Practice and qualifying
Two practice sessions were held in preparation for the race; both on Friday. The first session lasted 80 minutes long, while the second was 90 minutes long. Kyle Busch was quickest with a time of 19.804 seconds in the first session, 0.001 seconds faster than Joey Logano. Harvick was just off Logano's pace, followed by Brad Keselowski, Jamie McMurray, and Jeff Burton. Menard was seventh, still within a second of Busch's time. Also in the first practice session, Johnson spun sideways after the second turn.

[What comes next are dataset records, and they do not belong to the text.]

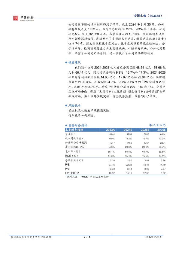 我们预计公司2024-2026收入有望分别实现48.54亿元、56.66亿元和66.44亿元,同比增长分别约9.2%、16.7%和17.3%,2024-2026年归母净利润分别实现14.65亿元、17.67亿元和22.04亿元,同比增长分别约20.3%、20.6%和24.7%。2024-2026年的EPS分别为2.50元、3.01元和3.76元,对应PE估值分别为22x、18x和15x。公司产品线布局全面,形成“免疫诊断+生化诊断+微生物诊断+分子诊断”全产品线布局,海外市场实现突破,综合优势显著,维持“买入”评级。
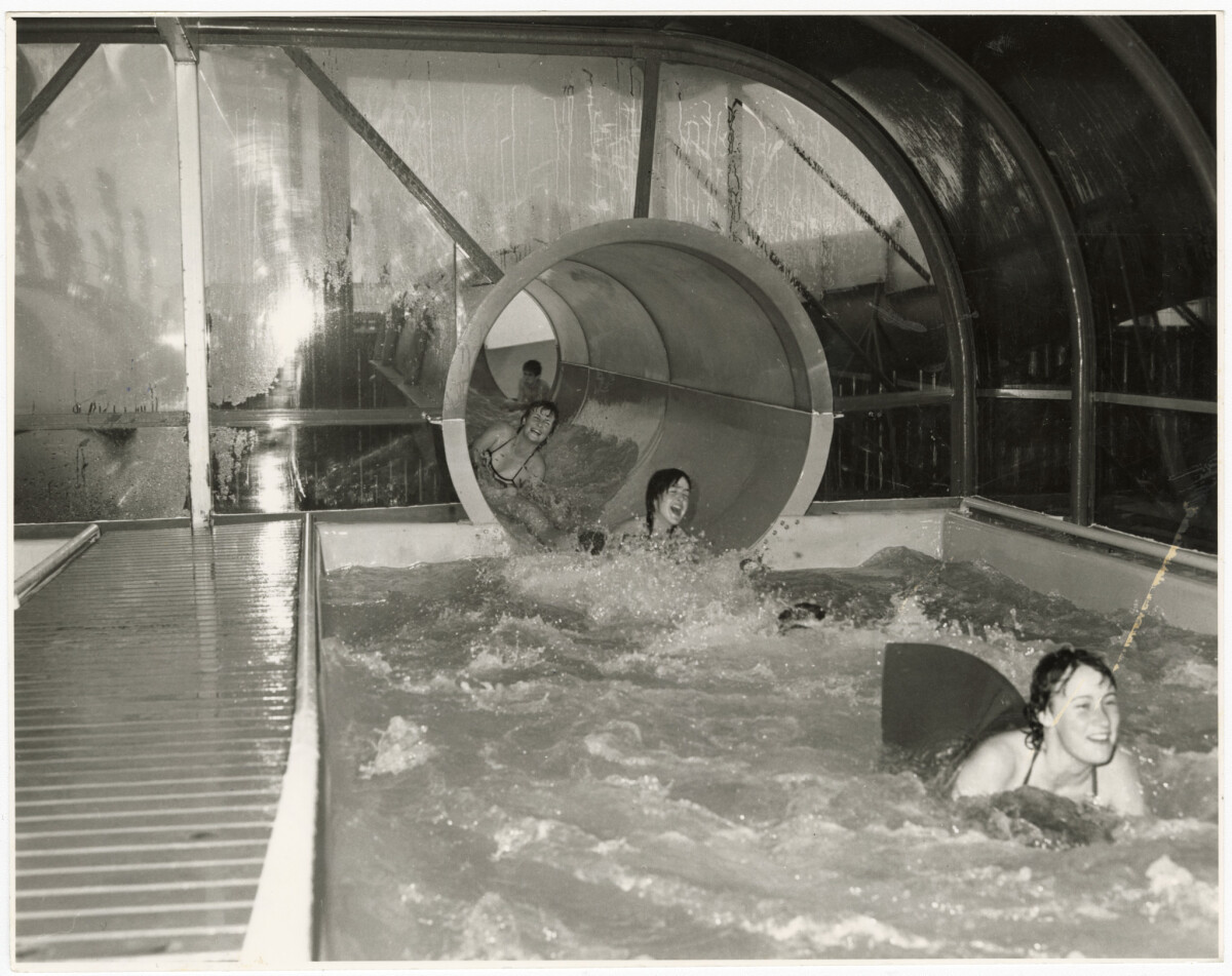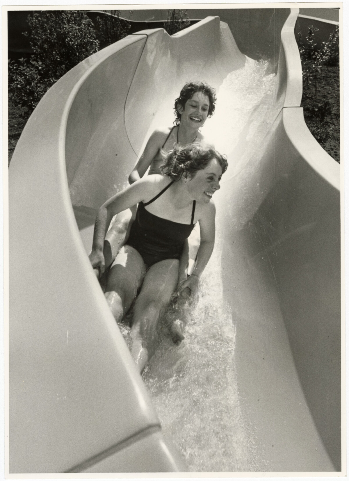 Laura Reynolds and Lisa Feutz on a water slide at Jellie Park Aqualand.
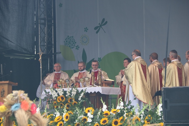 Akcentował, że chleb jest po to, aby się nim dzielić. – Przedstawiciele różnych władz, społeczności i instytucji chcemy dzisiaj modlić się za was, byście umieli ten chleb sprawiedliwie i dobrze dzielić, ale chcemy też prosić was, byście umieli też sprawiedliwie dzielić owoce pracy – mówił celebrans.
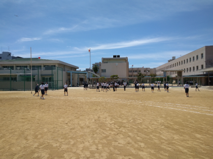 赤(3年)、青(2年)、緑(1年)のボールが飛び交っていました。水分をしっかりと摂って、5限目に備えてください。
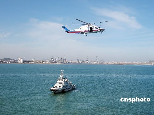 10月11日上午,中國交通運輸部煙臺海事局、北海救助局、北海第一救助飛行隊等部門在渤海灣聯(lián)合舉行客滾船?樟Ⅲw搜救演習(xí)。旅客從20多米高的客滾船上垂直下滑撤離和救助直升機從海上救起傷員直接空降醫(yī)院樓頂兩項是在中國內(nèi)地海上應(yīng)急搜救演練中首次使用,共有5艘船舶、1架直升機以及公安、消防、醫(yī)院、機場等方面的數(shù)百名搜救人員參加了演習(xí),重點演練了搜救組織指揮、客滾船旅客垂直撤離、救助船消防炮滅火等9個科目。中新社發(fā) 蔡紅文 攝
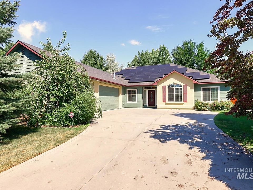 Seller is offering $10,000 towards interest rate buy down or closing costs with full price offer! Lovely "one owner" single level home in a great location. The open concept features vaulted ceilings and skylight tubes to let natural light in. Spacious kitchen w/tile counters, undermount lighting, walk-in-pantry, breakfast bar, refrigerator and newer dishwasher. Enjoy the formal dining/living room, the large eating nook opens up to the great room w/ gas fireplace. Split bedroom design 4 bedrooms/ 4th could be office opens up w"(glass double doors)Roomy large master bedroom-bath suite w/soaker tub, separate shower, large walk-in-closet and separate dual vanities. Hall bath has dual vanities. North facing backyard on corner lot with no back neighbors, fully fenced yard, waterfall feature, mature landscaping and patio access off great room and master. Large utility room with sink leads into the 3 car garage. Home faces south and owner had solar panels installed on the roof for cost saving energy!
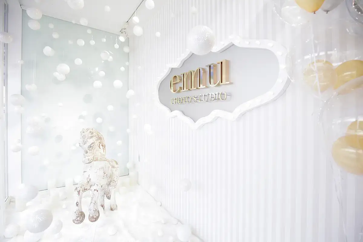 バルーンと月のオブジェが可愛い夢のようなスタジオ。
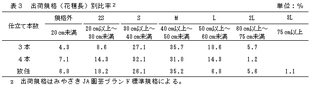 出荷規格別の比率は仕立て本数3本で高規格の比率が高くなる(表3)。
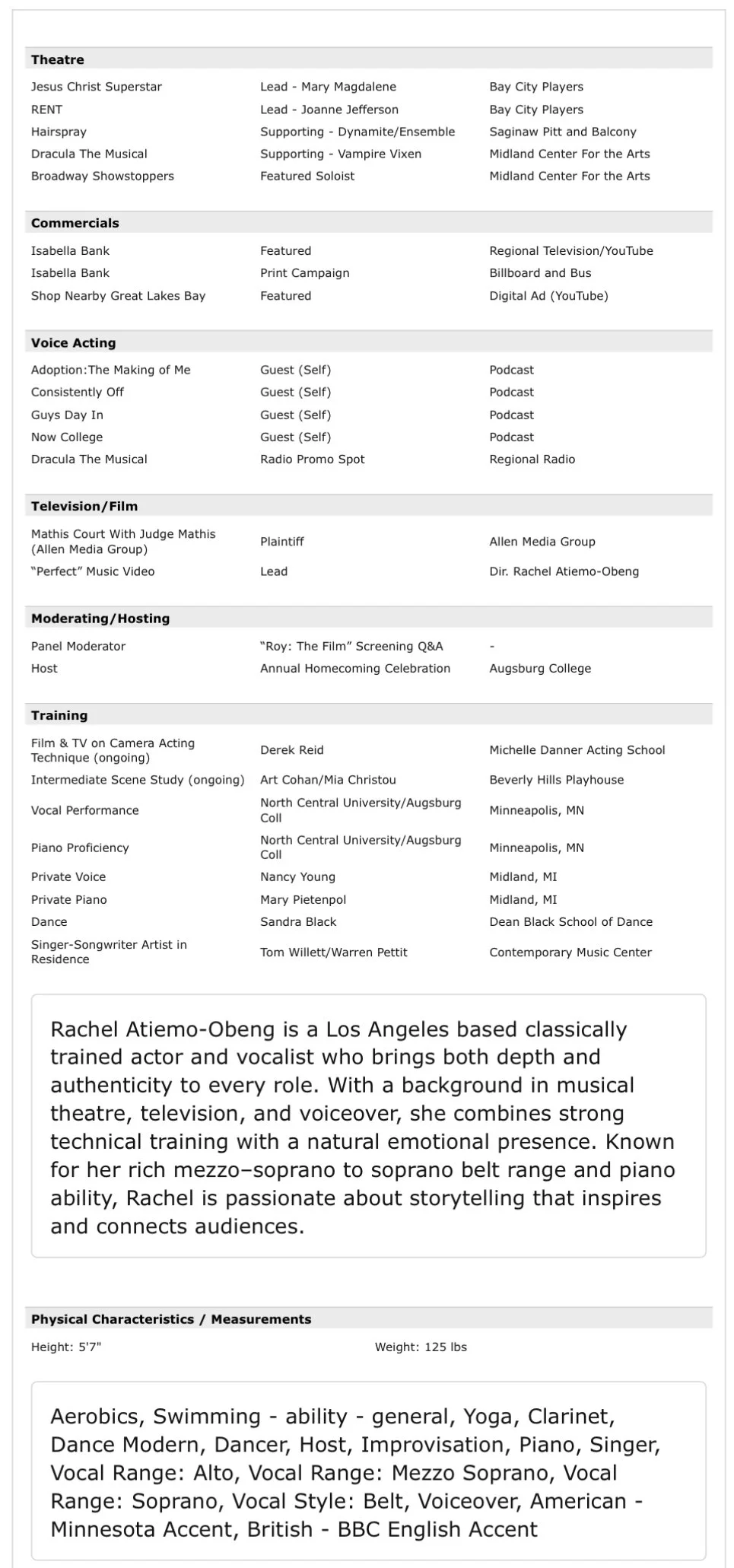 Rachelao.casting@gmail.comDownload ResumeView Reel Actors Access . Casting Networks . IMDb Resume Rachel Atiemo-Obeng - Non Union

In the second and final practice, David Ragan was quickest with a time of 19.670 seconds. Jeff Gordon followed in second, ahead of Keselowski and David Reutimann. Kasey Kahne was fifth quickest, with a time of 19.764 seconds. Ryan Newman, Bobby Labonte, Marcos Ambrose, Brian Vickers, and A. J. Allmendinger rounded out the first ten positions. Kyle Busch, who was first in the first session, could only manage 23rd. The second session also had cautions because of spins. The drivers involved were Logano and Dennis Setzer.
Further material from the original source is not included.